Yılmaz, hangi göstergeye bakılırsa bakılsın Türkiye ekonomisinin istikrarını artırdığını, sağlıklı bir büyüme yapısını geliştirdiğini ve her geçen yıl hedeflerine daha fazla yaklaştığını vurguladı.

"Reel sektör bu ülkenin üretim gücü"

Para politikasının yanı sıra arz yönlü politikalarla da enflasyonu düşürmeyi hedeflediklerini belirten Yılmaz, gıda üretimini artırmaya yönelik yoğun bir gayret gösterdiklerini, akıllı tarım uygulamaları, daha iyi bir destekleme sistemi, sulama yatırımlarının artırılması ve DAP, GAP gibi bölgesel kalkınma programlarının desteklenmesi gibi çok boyutlu çalışmalar yürüttüklerini söyledi.

Hizmet enflasyonunu kırmak için sosyal konut projelerine önem verdiklerini dile getiren Yılmaz, daha satın alınabilir, iyi tasarlanmış, fonksiyonel, enerji verimliliği yüksek ve afetlere karşı dirençli konutlar üretmek istediklerini ifade etti.

Yılmaz, arzı artırarak kiraların da düşmesine katkı sağlanacağının altını çizdi.

Ekonomi programının ana çerçevesini, istikametini bozmadığı sürece selektif olarak birtakım hassas sektörlere, kesimlere dönük politikalar izlediklerini vurgulayan Yılmaz, "Reel sektör bu ülkenin üretim gücü, çok kıymetli ve onların taleplerini, beklentilerini programımızın ana çerçevesini bozmamak kaydıyla selektif tedbirlerle çözüyoruz.
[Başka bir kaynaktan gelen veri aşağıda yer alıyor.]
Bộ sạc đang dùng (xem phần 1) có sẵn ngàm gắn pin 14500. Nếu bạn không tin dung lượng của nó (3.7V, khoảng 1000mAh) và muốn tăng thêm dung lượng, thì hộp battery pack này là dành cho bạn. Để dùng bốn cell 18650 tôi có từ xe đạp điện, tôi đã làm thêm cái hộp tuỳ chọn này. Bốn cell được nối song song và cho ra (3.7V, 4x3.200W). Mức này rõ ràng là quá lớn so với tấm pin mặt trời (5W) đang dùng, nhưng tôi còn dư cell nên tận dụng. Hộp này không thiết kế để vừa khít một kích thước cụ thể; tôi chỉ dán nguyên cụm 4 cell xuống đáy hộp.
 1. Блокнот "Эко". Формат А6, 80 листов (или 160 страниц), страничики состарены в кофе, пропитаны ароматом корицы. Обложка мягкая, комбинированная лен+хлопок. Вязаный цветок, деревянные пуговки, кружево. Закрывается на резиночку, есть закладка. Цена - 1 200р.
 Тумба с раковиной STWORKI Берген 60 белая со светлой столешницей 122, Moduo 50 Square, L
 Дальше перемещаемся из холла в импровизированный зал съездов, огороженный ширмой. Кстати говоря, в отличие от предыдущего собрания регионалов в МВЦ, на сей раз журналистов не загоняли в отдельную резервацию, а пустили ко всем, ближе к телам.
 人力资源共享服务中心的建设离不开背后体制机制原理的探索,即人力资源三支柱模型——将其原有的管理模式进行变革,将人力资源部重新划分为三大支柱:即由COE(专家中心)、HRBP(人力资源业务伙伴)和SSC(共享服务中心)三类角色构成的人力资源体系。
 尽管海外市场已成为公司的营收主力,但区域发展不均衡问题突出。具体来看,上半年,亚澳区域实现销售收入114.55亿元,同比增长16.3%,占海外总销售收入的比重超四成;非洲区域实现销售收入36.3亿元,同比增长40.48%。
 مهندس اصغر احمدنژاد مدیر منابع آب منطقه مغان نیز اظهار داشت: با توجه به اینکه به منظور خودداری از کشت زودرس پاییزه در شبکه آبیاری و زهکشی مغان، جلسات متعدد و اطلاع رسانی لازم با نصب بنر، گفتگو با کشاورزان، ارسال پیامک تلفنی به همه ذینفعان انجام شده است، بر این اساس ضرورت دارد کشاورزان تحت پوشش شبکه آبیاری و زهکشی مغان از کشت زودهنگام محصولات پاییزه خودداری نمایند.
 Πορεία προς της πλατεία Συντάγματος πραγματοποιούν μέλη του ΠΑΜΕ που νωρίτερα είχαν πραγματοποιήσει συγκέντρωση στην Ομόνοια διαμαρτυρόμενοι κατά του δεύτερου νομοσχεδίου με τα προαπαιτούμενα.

Bundan sonra da yeri geldikçe yine bu tür desteklerimiz, programlarımız devam edecektir." diye konuştu.

"Türkiye'nin lehine olacak stratejiler geliştiriyoruz"

Yılmaz, dünyada içe kapanmanın arttığı, ticaret rekabetinin yoğunlaştığı, korumacı eğilimlerin yükseldiği bir dönemin yaşandığını, bu dönemin kendine özgü belirsizlikler getirdiğini belirterek, bu süreci yakından takip ettiklerini, bu süreçte fırsatların da tehditlerin de bulunduğunu kaydetti.
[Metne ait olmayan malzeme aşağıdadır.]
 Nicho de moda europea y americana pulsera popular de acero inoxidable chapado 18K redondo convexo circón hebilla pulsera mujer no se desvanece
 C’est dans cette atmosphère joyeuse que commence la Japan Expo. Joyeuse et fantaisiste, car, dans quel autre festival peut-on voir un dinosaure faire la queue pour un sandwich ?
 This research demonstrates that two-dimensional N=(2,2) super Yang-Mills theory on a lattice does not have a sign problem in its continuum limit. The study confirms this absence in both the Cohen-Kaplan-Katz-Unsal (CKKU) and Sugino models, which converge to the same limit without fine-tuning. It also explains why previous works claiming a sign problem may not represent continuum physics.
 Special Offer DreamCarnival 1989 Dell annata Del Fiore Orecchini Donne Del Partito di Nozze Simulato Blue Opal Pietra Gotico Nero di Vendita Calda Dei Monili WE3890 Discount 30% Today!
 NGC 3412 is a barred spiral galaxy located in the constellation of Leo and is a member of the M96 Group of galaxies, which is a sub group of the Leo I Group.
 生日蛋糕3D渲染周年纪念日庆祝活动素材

ABD Başkanı Donald Trump'ın tarifelere yönelik açıklamalarının ardından dünya büyümesine ilişkin beklentilerin aşağıya yönlü revize edildiğini anımsatan Yılmaz, sözlerini şöyle sürdürdü:

"Emtia fiyatları düştü. Çünkü daha az ihtiyaç olacak diye bakıldı dünya piyasalarında. Emtia fiyatları düştü, petrol ve diğer emtia... Biz de bunları ithal eden bir ülke olarak bundan istifade edeceğiz örneğin. Avrupa yarın Amerika'yla iyi, kötü uyumlu bir yaklaşım sergilerse Çin'e karşı örneğin, Avrupa'yla gümrük birliği olan bir ülke olarak bu bizim lehimize bir sonuç doğurur. Ama diğer taraftan tehditler de var tabii. Çin, Amerikan pazarı kapandığı zaman diğer pazarlara daha agresif bir şekilde girebilir. Bu da bizim pazarlarımızda rekabet ortamını olumsuz etkileyebilir. Yani artılarıyla eksileriyle bu süreci çok yakından takip ediyoruz ve Türkiye'nin lehine olacak stratejiler geliştiriyoruz."